Fill an array of n elements with the values n, n-1, n-2, ..., 2, 1. Then try to sort using the "straight insertion" algorithm. You'll find that each element is considered equal to the element just before it, and therefore isn't moved. The result of the "sort" is the same array.

Answer 8

In general, sorting algorithms rely on the transitive property of the comparison function to correctly order elements. Transitivity ensures that if A is less than B and B is less than C, then A must be less than C. This property guarantees that the sorting algorithm can consistently compare and order elements.

However, in your case, the tolerant comparator function violates transitivity. Despite this violation, it is still possible to use a sorting algorithm with this non-transitive comparison function. One way to achieve this is by modifying the sorting algorithm to handle the non-transitive nature of the comparator.

One approach is to perform multiple passes through the array, each time considering a different subset of the elements that are within the tolerance range. The idea is to divide the array into smaller parts and sort them separately. Within each part, the transitivity violation is still present, but we only compare elements within that specific part. By doing so, we can ensure that the sorting algorithm produces a "correctly sorted" output based on the given comparator.

For example, let's consider the array [1, 4, 2, 3, 5] with the tolerant comparator. We can perform two passes.
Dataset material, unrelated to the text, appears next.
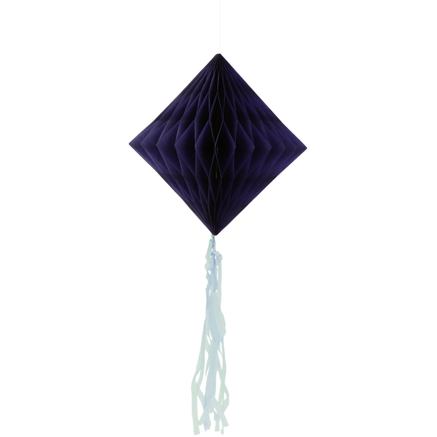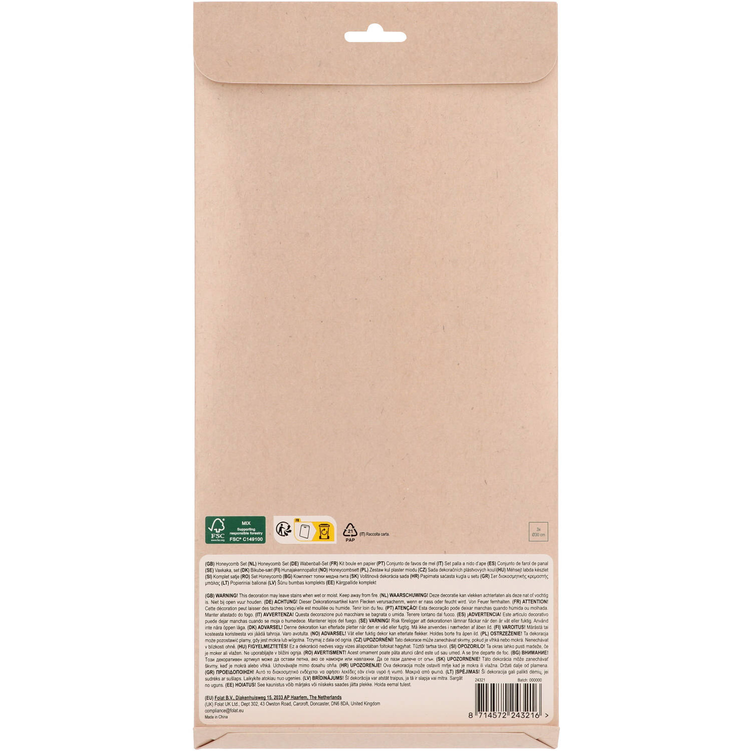 Een zwierige klassieker in krachtig blauw. Mooie, stevige honeycombs in drie tinten blauw. In de vormen: ruit, rond (met 30 cm diameter) en ovaal (25 x 30 cm groot). Aan elke honeycomb hangt een 25 cm lang kwastje van papier in een contrasterende blauwe tint. De honeycombs zijn opgevouwen verpakt en kunnen voor gebruik gemakkelijk worden uitgevouwen. De decoratie kan gemakkelijk opgehangen worden aan het katoenen touwtje. Met paperclips om de waaiers in ronde vorm te houden. Dit artikel is gemaakt van FSC papier.

In the first pass, we consider elements within a tolerance range of 1. This would result in the following subsets: [1, 2], [4, 3], [5]. Within each subset, the tolerance is satisfied, and we can sort them independently. After sorting each subset, we combine them back together, resulting in [1, 2, 3, 4, 5], which is correctly sorted based on the given comparator.

So, to summarize, while the tolerant comparator violates transitivity, it is still possible to use a sorting algorithm by modifying it to handle the non-transitive nature. By dividing the array into subsets and sorting them separately, we can ensure a correctly sorted output based on the given comparator.